ABOUT THIS EXERCISE:
The listing below should be printed in full and exactly, apart from its images.

SUPPLIED INFORMATION:
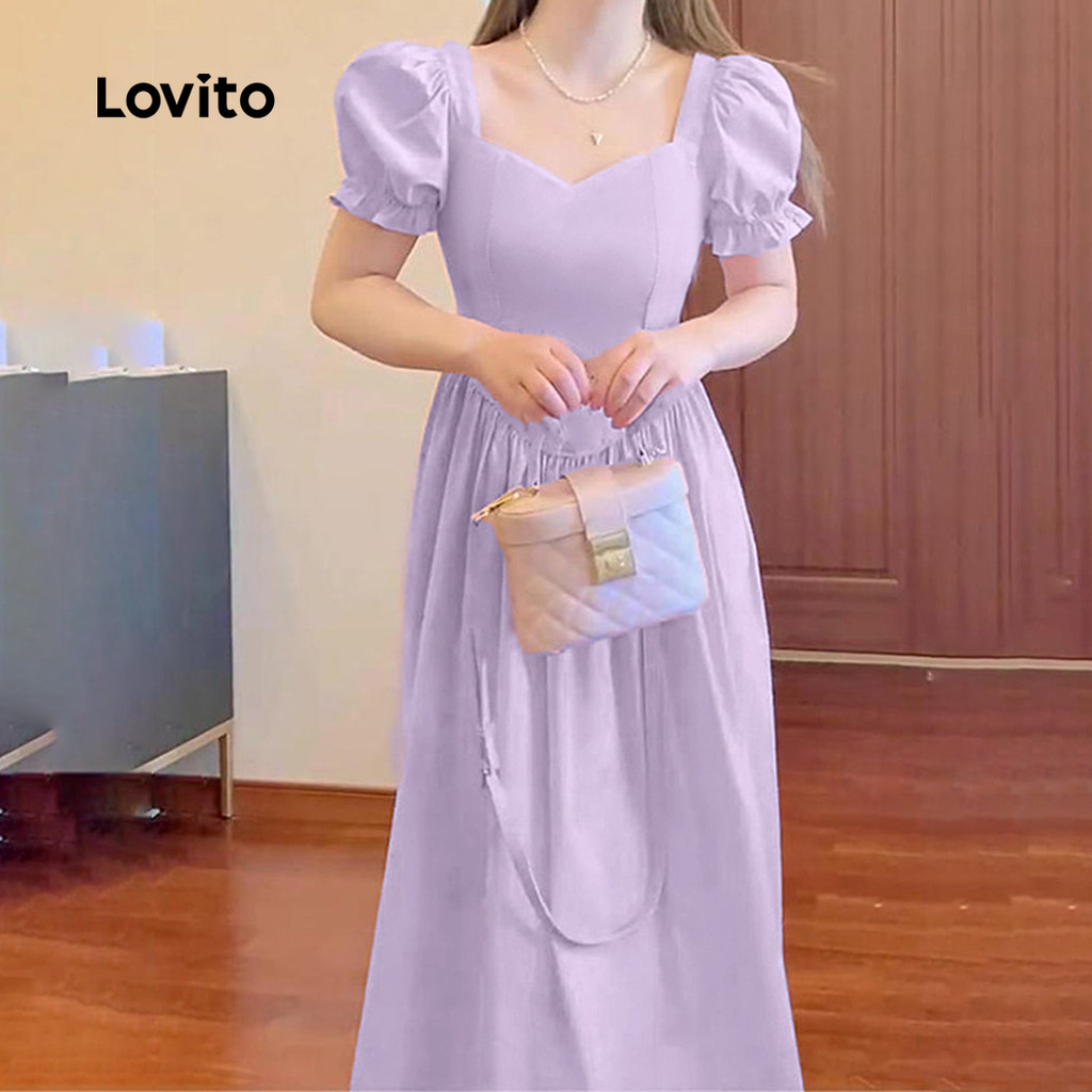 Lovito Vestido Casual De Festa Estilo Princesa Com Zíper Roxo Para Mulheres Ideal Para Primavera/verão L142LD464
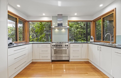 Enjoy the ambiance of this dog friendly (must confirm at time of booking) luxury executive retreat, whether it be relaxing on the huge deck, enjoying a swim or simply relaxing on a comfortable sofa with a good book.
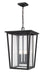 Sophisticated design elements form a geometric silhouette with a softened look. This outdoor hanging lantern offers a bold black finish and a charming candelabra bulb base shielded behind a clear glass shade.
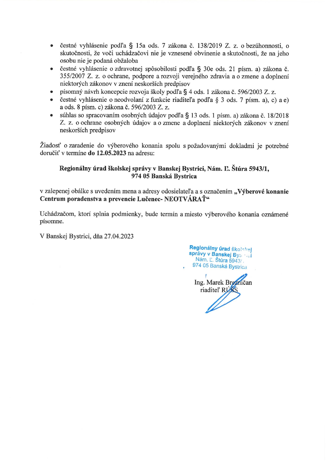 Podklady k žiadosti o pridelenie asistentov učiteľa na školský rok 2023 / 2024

ANSWER TO THE PROBLEM:
 Lovito Vestido Casual De Festa Estilo Princesa Com Zíper Roxo Para Mulheres Ideal Para Primavera/verão L142LD464
 Enjoy the ambiance of this dog friendly (must confirm at time of booking) luxury executive retreat, whether it be relaxing on the huge deck, enjoying a swim or simply relaxing on a comfortable sofa with a good book.
 Sophisticated design elements form a geometric silhouette with a softened look. This outdoor hanging lantern offers a bold black finish and a charming candelabra bulb base shielded behind a clear glass shade.
 Podklady k žiadosti o pridelenie asistentov učiteľa na školský rok 2023 / 2024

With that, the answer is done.